Tuesday, March 26, 2013

Polish Babka

Polish Babka

Babka has been on my to-bake list for years.  Even after I grew comfortable with baking yeasted breads, babka seemed like a big project.  I've bookmarked a few recipes, but this one looked so easy I jumped on it almost right away. King Arthur Flour writes that the bundt shape is supposed to be reminiscent of a grandmother's skirt.  The dough comes together easily in a stand mixer, and the two risings are brief.  What you get is a rich bread that is a bit like cake, in the style of brioche, but denser.  I adore the rum syrup, which turns the babka into something like baba au rhum.  I could do without the white icing on top, which I found cloying and unnecessary, and just double down on that rum syrup.

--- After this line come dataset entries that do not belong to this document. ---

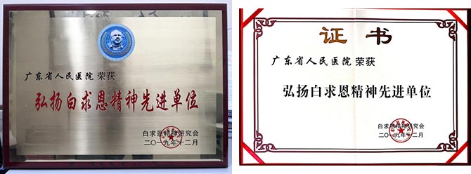 我院荣获“弘扬白求恩精神先进单位”荣誉奖牌及证书
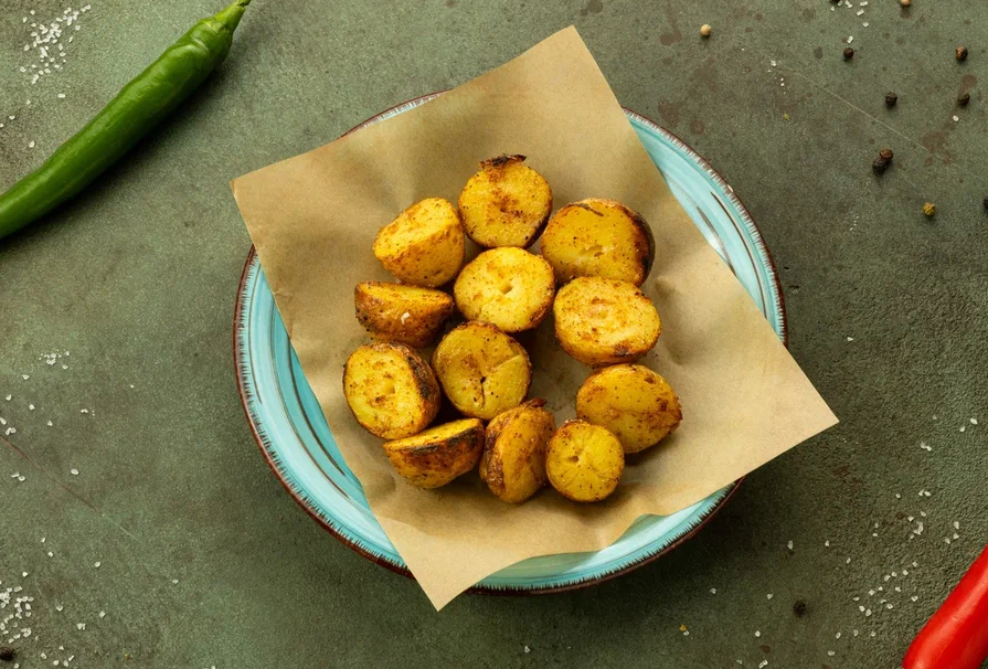 Обжаренный на мангале молодой картофель-бэби.
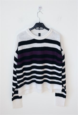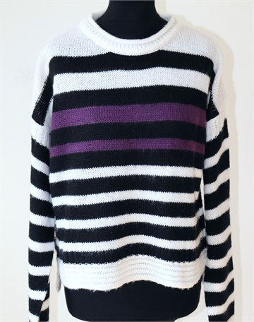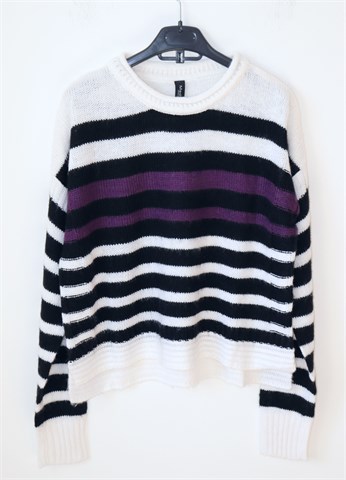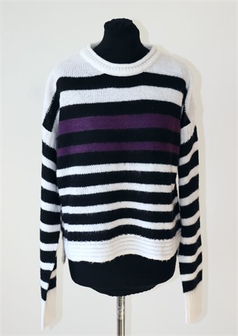 Madonna prugasta vesta u kombinaciji bijele, ljubičaste i crne boje. Mekano, mucasto i rastezljivo pletivo. Malo duža sa stražnje strane (vidjeti mjere), mali bočni prorezi.
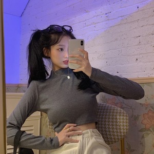 ショートハイウエストタイトフィットハーフハイカラーグレー長袖Tシャツレディース2020年秋新作インナーベースシャツトップス ブラックストロベリース40934106300
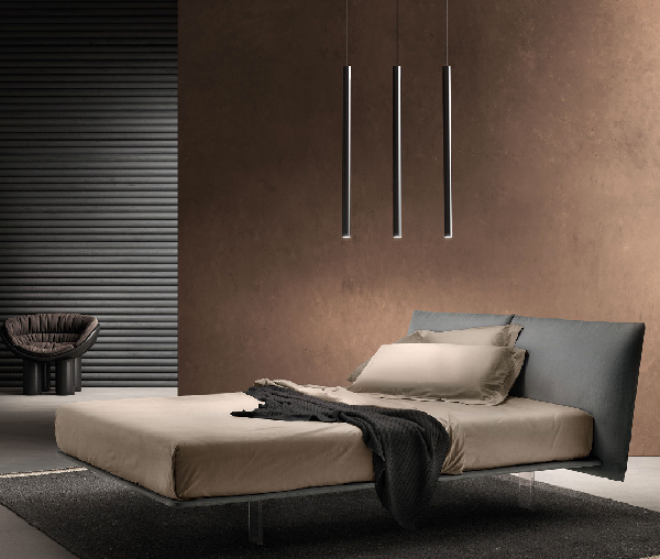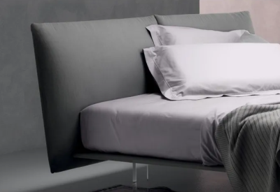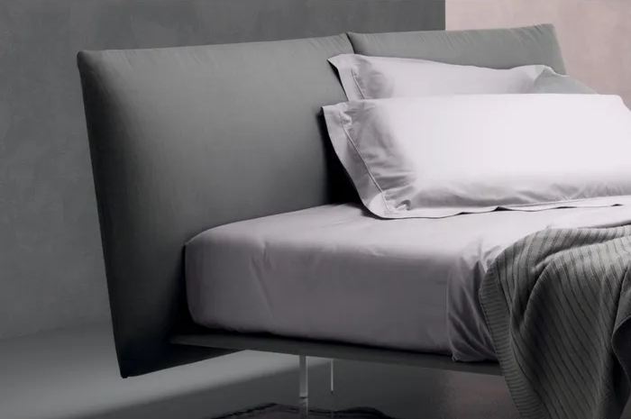 KREVET Curious ima lagan, viseći dizajn, naglašen providnim nogama i tankim okvirom kreveta.Čiste, minimalističke linije ističu veliko tapacirano uzglavlje sa dva udobna jastuka.
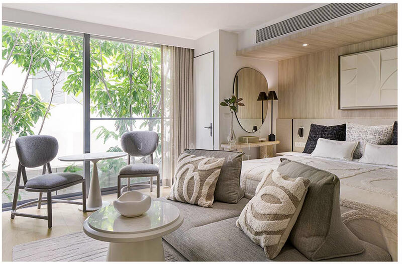 PROMSRI SCOPE Promsri is a tropical sanctuary within Sukhumvit - keeping the city’s excitement at a convenient arm’s length, while still providing peace and privacy for those seeking solitude. Inspired by the lush greenery and seclusion of the Yucatan’s natural cenotes, SCOPE Promsri merges the indoors and outdoors to create a quiet escape right in the middle of three alluring districts: Soi Prompong (Sukhumvit 39), Soi Klang (Sukhumvit 49) and Soi Thonglor (Sukhumvit 55). With SCOPE’s sophomore project, the team collaborated with luxury French furniture brand Ligne Roset to design exclusive pieces for the residence. Each room features Ligne Roset’s bestselling Prado Sofa in limited edition colourways, as well as the newly designed Promsri Table. Disconnect from the outside world and enjoy peace at home.

Other babka recipes will call for shaping, and filling with chocolate or cinnamon (or both), and I fully intend to tackle one.  By Easter, I hope.  But I'm mostly about the easy and quick recipes these days.  In fact, some (very few?) of you may have noticed I've been posting way less.  I'm stepping back my blogging because life is just getting too hectic.  Also, I've recently adopted a healthier lifestyle that doesn't fit with baking cake and pie every week.  And I feel great!  But I've gotta say, sometimes I get an itch not necessarily to eat, but to bake something like pie.  I'm working on another dining review for the paper this week, but maybe I'll get around to baking that chocolate babka!  Fingers crossed.

Some things worth mentioning:
  • A bundt pan will make a pretty bread, but the finished bread will be small and reach a height of about more than half of your pan.  There's also the option to make it in a loaf pan.

  • Instead of the candied fruit, I opted for dried cherries.

  • The instructions don't indicate how much the dough should expand during the second rising; it expands very little, and I extended the second rising to 45 minutes and preheated the oven to warm up the room and give the yeast some help.

  • Finally, I figured that pouring the rum syrup all at once onto the bread would just lead to spillage over the sides, so I dabbed some on with a pastry brush every few minutes, giving it time to soak into the holes.

  • Polish Babka
    By King Arthur Flour
    For volume and gram measurements, visit the original site

    For the babka
    4 ounces lukewarm milk
    3 large eggs, at room temperature
    heaping 1/2 teaspoon salt
    1 3/4 ounces granulated sugar
    2 ounces softened butter
    8 1/2 ounces King Arthur Unbleached All-Purpose Flour
    2 teaspoons instant yeast
    1 1/2 ounces currants or raisins (golden raisins preferred)
    1 1/2 ounces candied mixed fruit or candied mixed peel; or mixed dried fruit, chopped

    For the rum syrup
    3 1/2 ounces granulated sugar
    2 ounces water*
    1/2 to 1 ounce rum*
    *Or substitute apple juice for the water and rum.

    For the icing
    4 ounces confectioners' sugar
    pinch of salt
    1 ounce milk; or a combination of milk and rum or apple juice

    Place everything except the fruit in a mixing bowl, and beat at medium speed until cohesive. Increase your mixer's speed to high, and beat for 2 minutes.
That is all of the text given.